AHA: Infusion of apoA Induces Reverse Cholesterol TransportLast Updated: November 06, 2012. Infusion of CSL112 (apolipoprotein A-1), the active protein of high-density lipoprotein, induces key biomarkers in the initial steps of reverse cholesterol transport in healthy individuals, according to a study presented at the American Heart Association's Scientific Sessions 2012, held from Nov. 3 to 7 in Los Angeles.
TUESDAY, Nov. 6 (HealthDay News) -- Infusion of CSL112 (apolipoprotein A-1 [apoA-1]), the active protein of high-density lipoprotein (HDL), induces key biomarkers in the initial steps of reverse cholesterol transport in healthy individuals, according to a study presented at the American Heart Association's Scientific Sessions 2012, held from Nov. 3 to 7 in Los Angeles.
Andreas Gille, M.D., Ph.D., from CSL Limited in Parkville, Australia, and colleagues examined markers of cholesterol movement following a single infusion of CSL112 (5 to 135 mg/kg) in 57 healthy subjects.

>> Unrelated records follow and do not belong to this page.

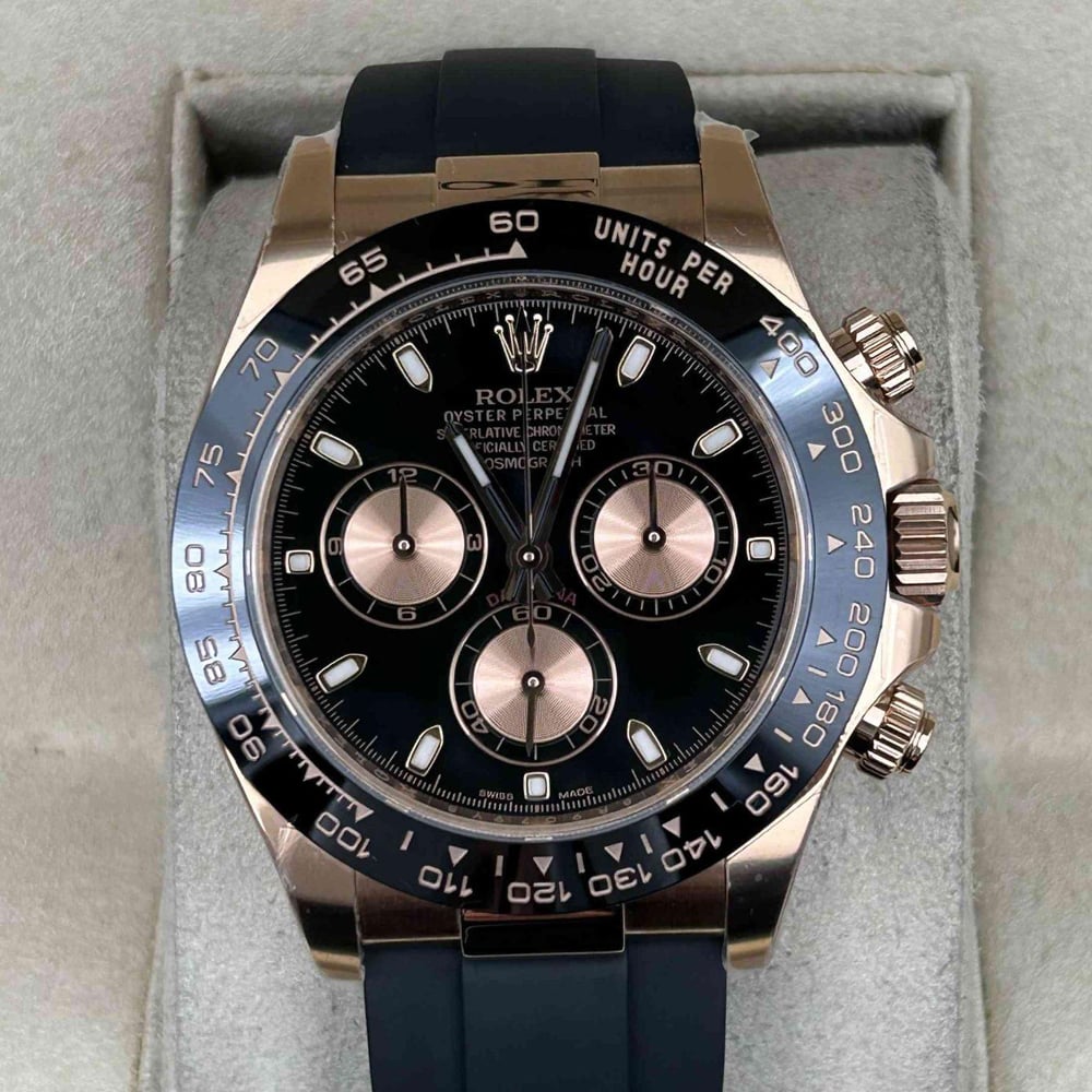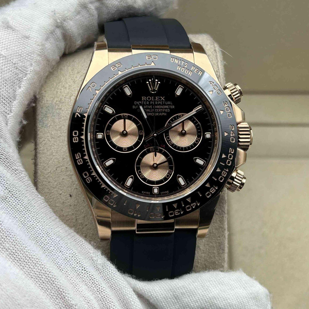 ベゼル:頑丈なブラックのモノブロック・セラミックベゼルが固定されており、タキメータースケールが刻まれています。数字と目盛りは18Kローズゴールドでコーティングされており、すべての細部においてオリジナルのロレックスデザインと一致しています。
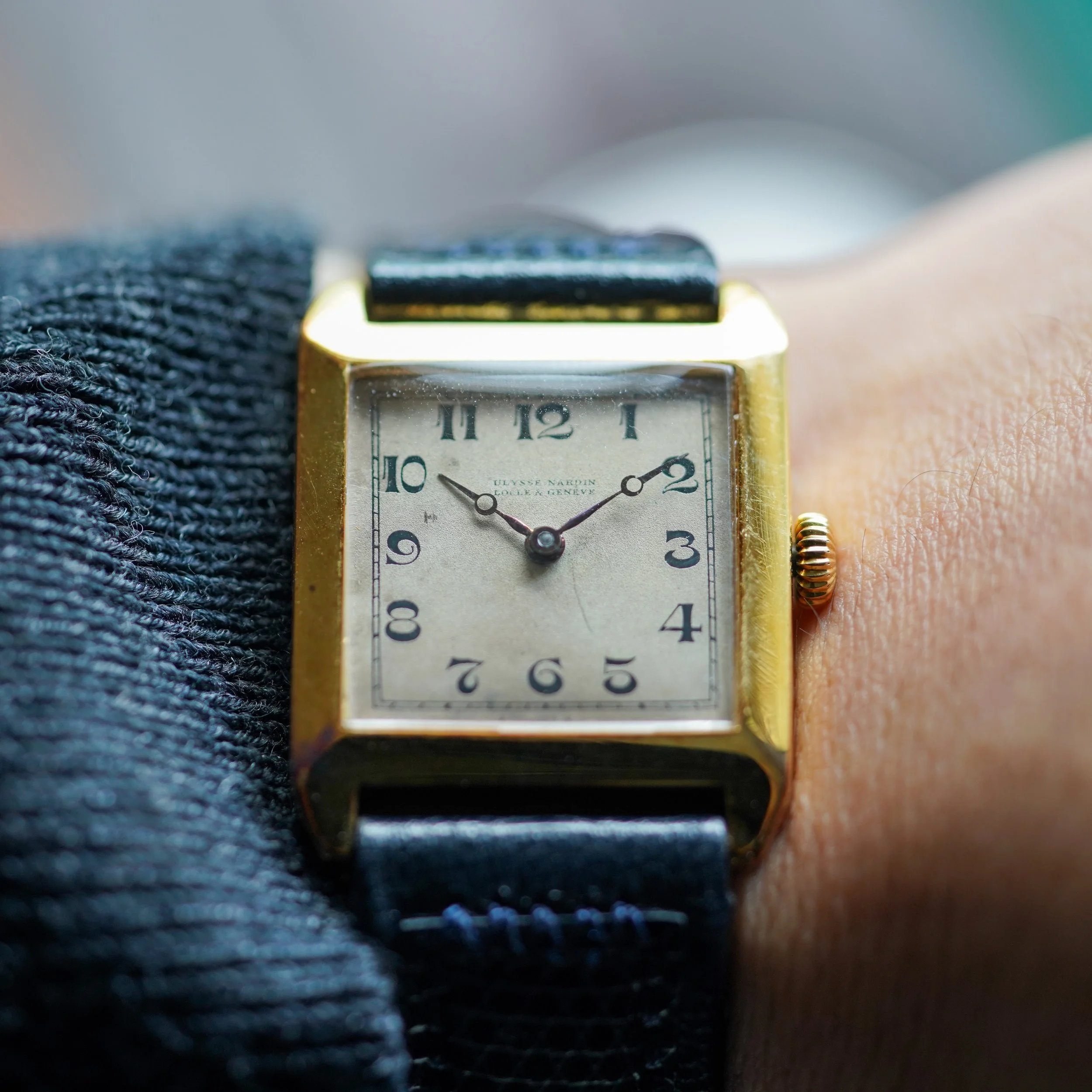 A very early and lovely example of Ulysse Nardin tank in solid 18k gold.
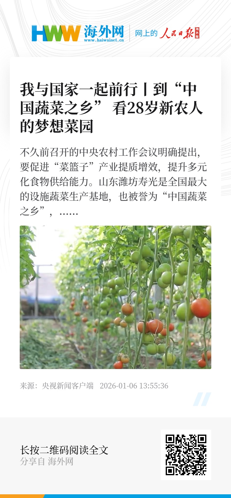 距离春节还有一个多月时间,现在又是蔬菜保供的关键时期,寿光的15.7万个大棚里生机盎然,每天有大约2万吨蔬菜从寿光装车,发往全国各地。从一粒种子到一盘蔬菜,寿光用科技为农业赋能,用创新为丰收护航,每一座智慧大棚里都孕育着希望,每一份新鲜蔬菜都承载着新农人的梦想。
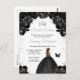 Dieses elegante und glamouröse 16 . Geburtstag-Geburtstagsjubiläum besticht durch eine hübsche Prinzessin mit braunem Haar in einem schwarzen Ball-Gown. Der Text kombiniert handgeschriebene Skripte mit modernen serifenlosen Schriftart für ein elegantes und raffiniertes Aussehen. Die Blumenarrangements, Schmetterling und Silberkonfetti bilden die perfekte Mischung aus rustikal und schick. Grafiken von www.etsy.com/uk/shop/SunflowerDayLove
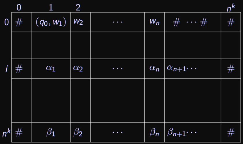 - musí zajistit, že na posledním řádku tabulky se vyskytuje stav . (Předpokládáme, že pokud TS skončí výpočet dřív než po krocích, všechny následující konfigurace (řádky tabulky) jsou stejné)
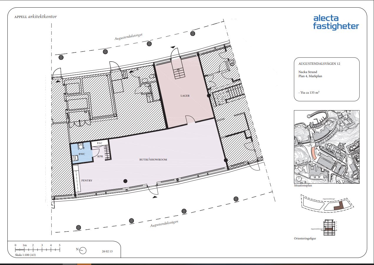 Fin och ljus kontorslokal i markplan i fd butikslokal mitt i centrala Nacka strand. Lokalen har härlig rymd, högt i tak och med stora skyltfönster. Ytan är perfekt för en verksamhet som vill synas tex showrooom, studio, arkitektkontor eller liknande. Här passerar en stor mängd personer dagligen och lokalen ger därför ett mycket bra skyltläge.
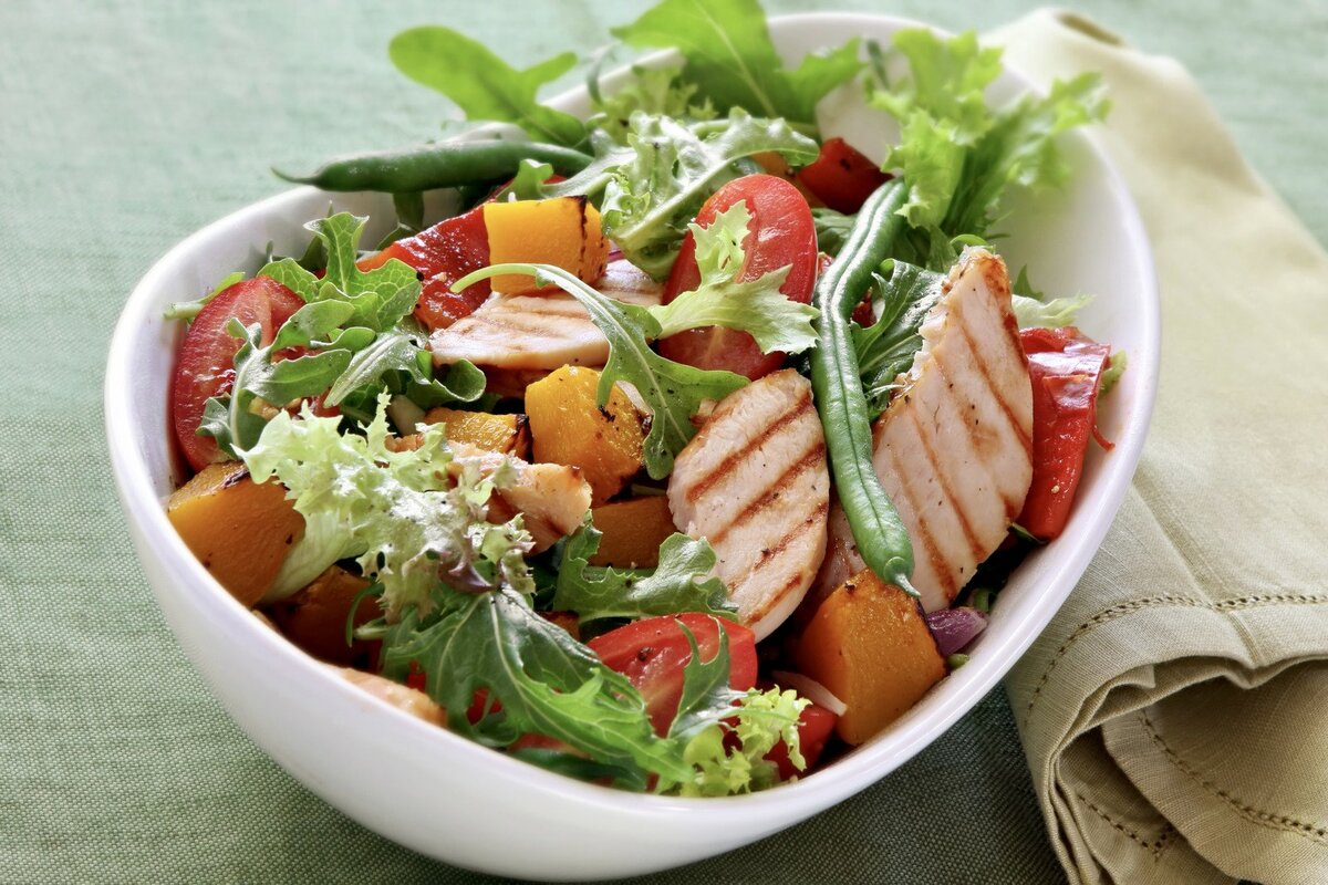 Яркость красок этого салата напоминает о лете, его приятно сделать зимним вечером и насладиться запоминающимся вкусом. Гранатовый сок отлично сочетается с йогуртом, а авокадо дополнительно насыщает организм нужными микроэлементами. Потребуется: • По 200 г куриного филе (нужно копченое), салата Айсберг • Авокадо • Моцарелла • Небольшая хурма • Миндальная стружка, йогурт, лимонный сок, гранатовый сок, зерновая горчица Приготовление: 1. Курицу нарезают кусочками. Хурму промывают и режут брусочками. Моцареллу раздавливают ножом и делят на куски. 2. Миндальную стружку прожаривают до золотистого состояния. Авокадо очищают, режут соломкой, сбрызгивают соком лимона – так нежная мякоть не потемнеет. Айсберг рвут руками на кусочки. 3. Стакан йогурта смешивают с соком лимона, гранатовым соком, добавляют горчицу – получилась заправка. Хурму смешивают с авокадо, куриным филе, салатными листьями. Салат перед подачей заправляют, укладывают сверху кусочки моцареллы, посыпают миндальной стружкой.

The researchers found that infusion of CSL112 induced a dose-proportional elevation in apoA-1 and alterations to key biomarkers of the early steps in reverse cholesterol transport, including formation of PreBeta1-HDL; increase in global cholesterol efflux capacity from macrophages; movement of free cholesterol to HDL in plasma; increase in HDL-cholesterol; and increase in lecithin-cholesterol acyltransferase activity reflected by a time-dependent change of the ratio of free to esterified cholesterol. The changes occurred in a dose- and time-dependent manner and persisted for at least 72 hours following 40 mg/kg and higher-dose infusions of CSL112. There were immediate increases of several-fold above baseline in PreBeta1-HDL and global cholesterol efflux, which reached maximums of 3,600 and 270 percent, respectively. At the 135 mg/kg dose level there was no evidence indicating saturation of the effects of CSL112 on biomarkers, with the exception of PreBeta1-HDL. For apoB, non-HDL cholesterol, and non-HDL triglyceride there were no changes associated with CSL112.
"Overall, CSL112 behaved as well or better than we expected and all the changes are consistent with the desired elevation in reverse cholesterol transport activity," Gille said in a statement. "We did not observe any unfavorable changes in the low-density lipoprotein or 'bad' cholesterol-related biomarkers tested."
The study authors are all employees of CSL Limited, which funded the study.